Chapter Six
SIX
MABEL
“You’re such an idiot. Why did you take the sword? Hunter is going to be so very pissed.” I paused my verbal chastisement when the path I’d taken came to a crossroads, one with a post bearing signs pointing in a variety of directions. I squinted at it in the dim purple light that filled the Hour.
One pointed directly at the silhouette of what looked like a Victorian house, complete with turrets and a massive wraparound porch, and read dark house. A second indicated that jaguar house was to the left, while a third sign pointed to something called acid house.
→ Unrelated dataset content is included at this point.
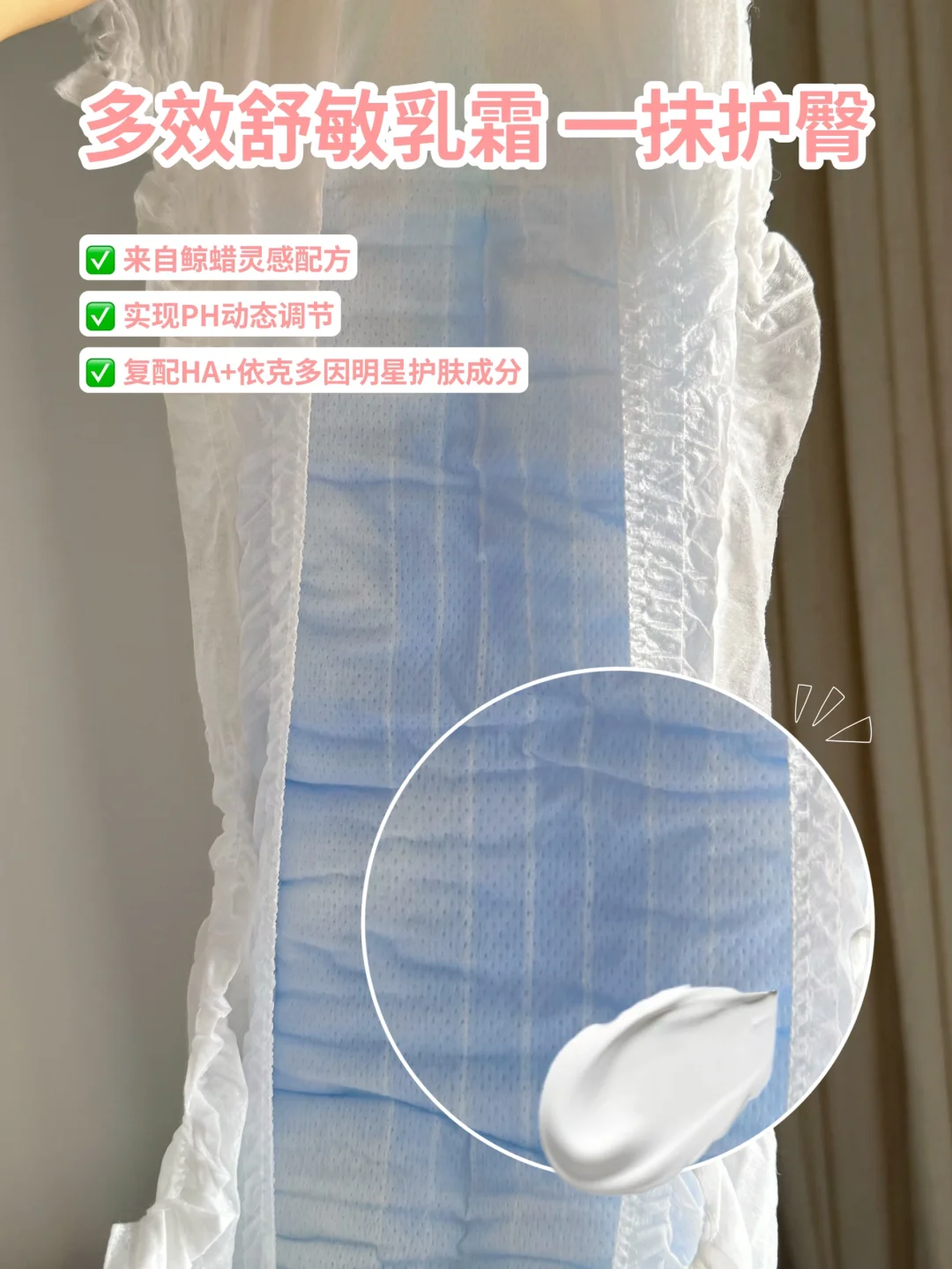 👉另外一个独一无二的点是,纸尿裤添加了舒敏乳霜,一穿就能长效护臀。纸尿裤上有5条看得见的保护线,上面都是满满的乳霜,简直双管齐下!

“Of the three, I think I’ll have more luck avoiding a very annoyed dragon in a dark mansion,” I told myself as, with a glance over my shoulder to make sure that Hunter wasn’t behind me, I dashed the half block to the Victorian house, and made it inside without encountering anyone.
Inside was dark. Very dark.
I pulled Hunter’s sword from the scabbard strapped to my back, it and my phone’s flashlight making me feel a tiny bit better.
The light from my phone illuminated a circle a few feet around me. I rubbed my arms, saying aloud, “Geesh, it’s like the darkness is physical here. I feel downright sticky.”
My voice sounded muffled, as if I was in a small soundproofed room, and yet, I could feel air currents gently flowing around me, indicating I was in a large space.
I held up my phone, hoping it would expose more of my surroundings, but the darkness blocked the light from penetrating anything beyond my immediate location.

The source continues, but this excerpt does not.